### [What you will do]
Without including any images, please transcribe all the lines below exactly.

### [Information supplied]
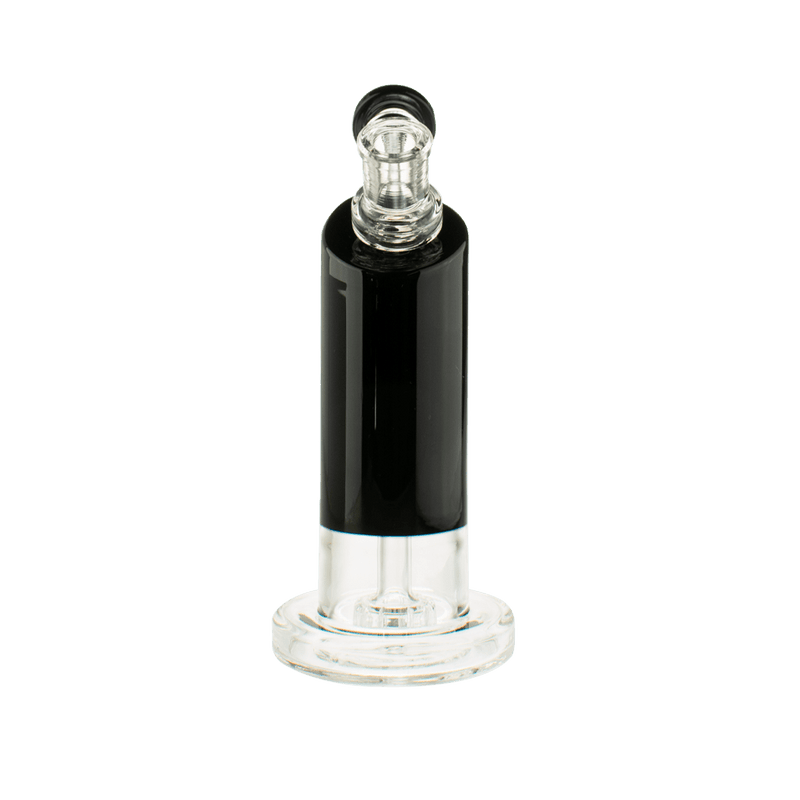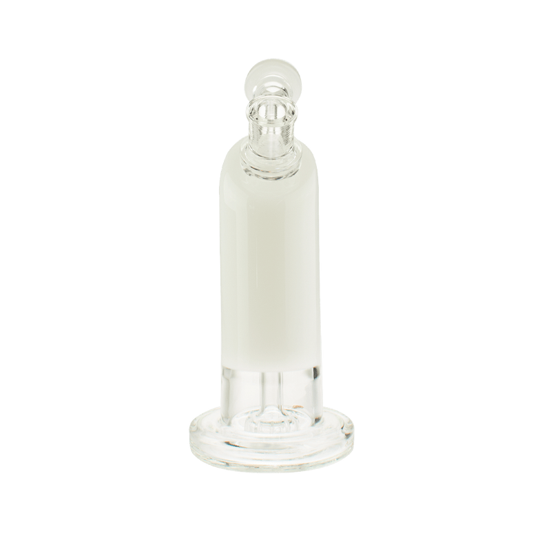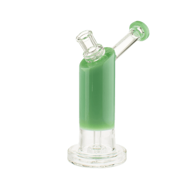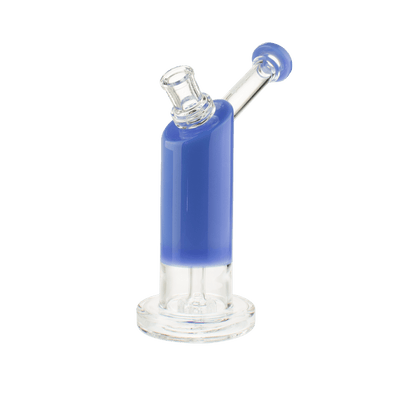 The solid and sturdy base of this bubbler combined with its size make it a versatile piece. The base is sturdy enough so you can hit the piece while its sitting on a table or desk, yet the piece is also small enough to comfortably hold in your hands while you hit it. The fixed downstem and showerhead percolation system diffuses your smoke and delivers a smooth hit while the angled neck design eliminates splashback.
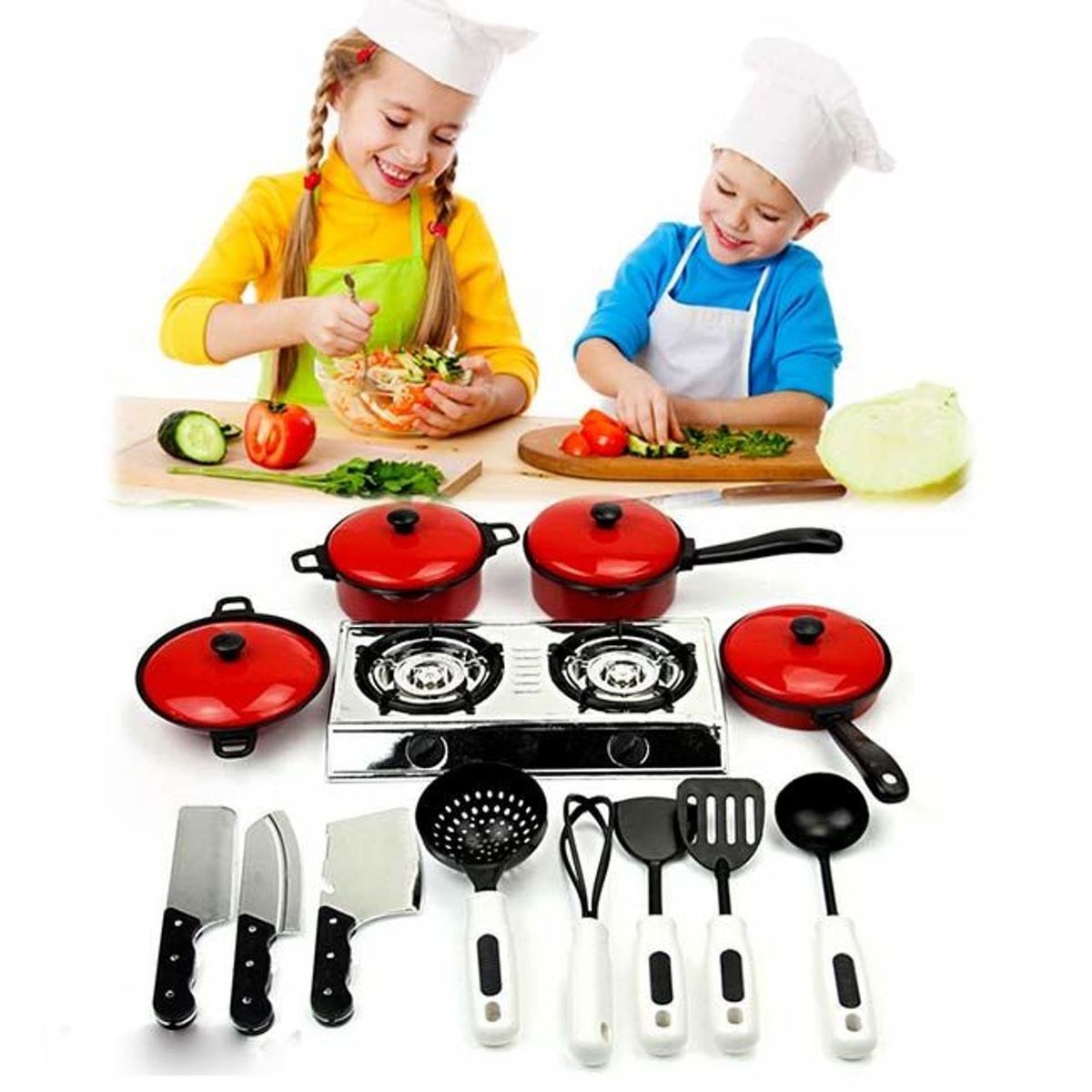 - Bộ đồ chơi nhà bếp cho bé gồm 01 bếp ga đồ chơi, 04 xoong nồi nấu ăn đồ chơi có nắp, 03 dao nấu ăn đồ chơi, 05 dụng cụ nấu ăn đồ chơi, cho bé yêu nhà bạn thêm thích thú.
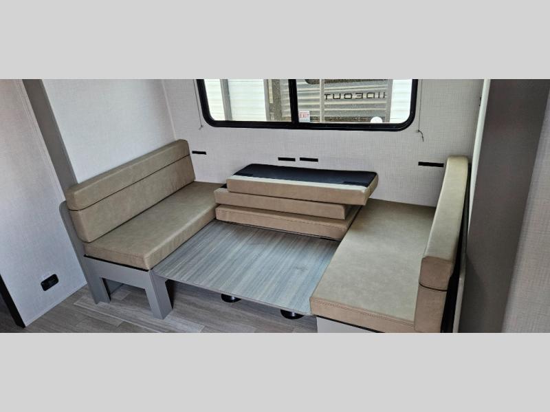 With any Hideout Sport travel trailer by Keystone you will enjoy simplified camping solutions that won't break the bank! Each model is constructed with a durable AlphaPly TPO roof membrane, tinted safety glass windows, and an I-beam frame. There are power tongue jacks and heavy duty stabilizer jacks that will make it easier than ever to hitch up and go. An XL entry assist handle will also provide convenience, along with a power awning that will provide much wanted shade during the day. You will feel right at home inside with stylish decor, blackout night shades, and cozy bed with storage underneath!
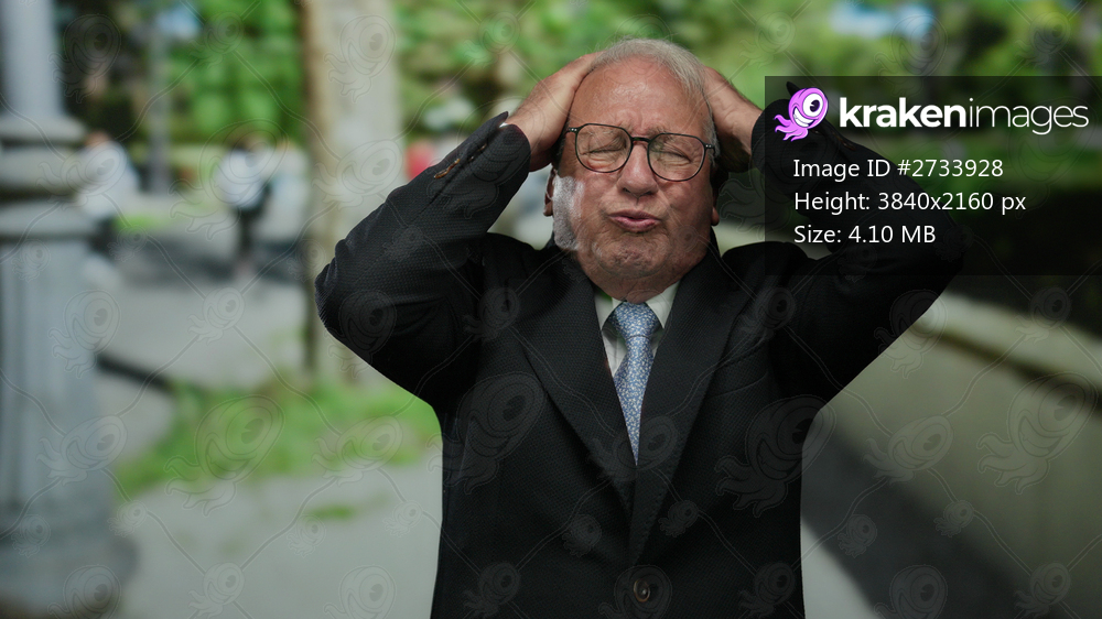 Elderly businessman in suit displays desperation on city street expressing stress in an outdoor environment highlighting senior emotions in public setting - Kraken Images

### [Response]
 The solid and sturdy base of this bubbler combined with its size make it a versatile piece. The base is sturdy enough so you can hit the piece while its sitting on a table or desk, yet the piece is also small enough to comfortably hold in your hands while you hit it. The fixed downstem and showerhead percolation system diffuses your smoke and delivers a smooth hit while the angled neck design eliminates splashback.
 - Bộ đồ chơi nhà bếp cho bé gồm 01 bếp ga đồ chơi, 04 xoong nồi nấu ăn đồ chơi có nắp, 03 dao nấu ăn đồ chơi, 05 dụng cụ nấu ăn đồ chơi, cho bé yêu nhà bạn thêm thích thú.
 With any Hideout Sport travel trailer by Keystone you will enjoy simplified camping solutions that won't break the bank! Each model is constructed with a durable AlphaPly TPO roof membrane, tinted safety glass windows, and an I-beam frame. There are power tongue jacks and heavy duty stabilizer jacks that will make it easier than ever to hitch up and go. An XL entry assist handle will also provide convenience, along with a power awning that will provide much wanted shade during the day. You will feel right at home inside with stylish decor, blackout night shades, and cozy bed with storage underneath!
 Elderly businessman in suit displays desperation on city street expressing stress in an outdoor environment highlighting senior emotions in public setting - Kraken Images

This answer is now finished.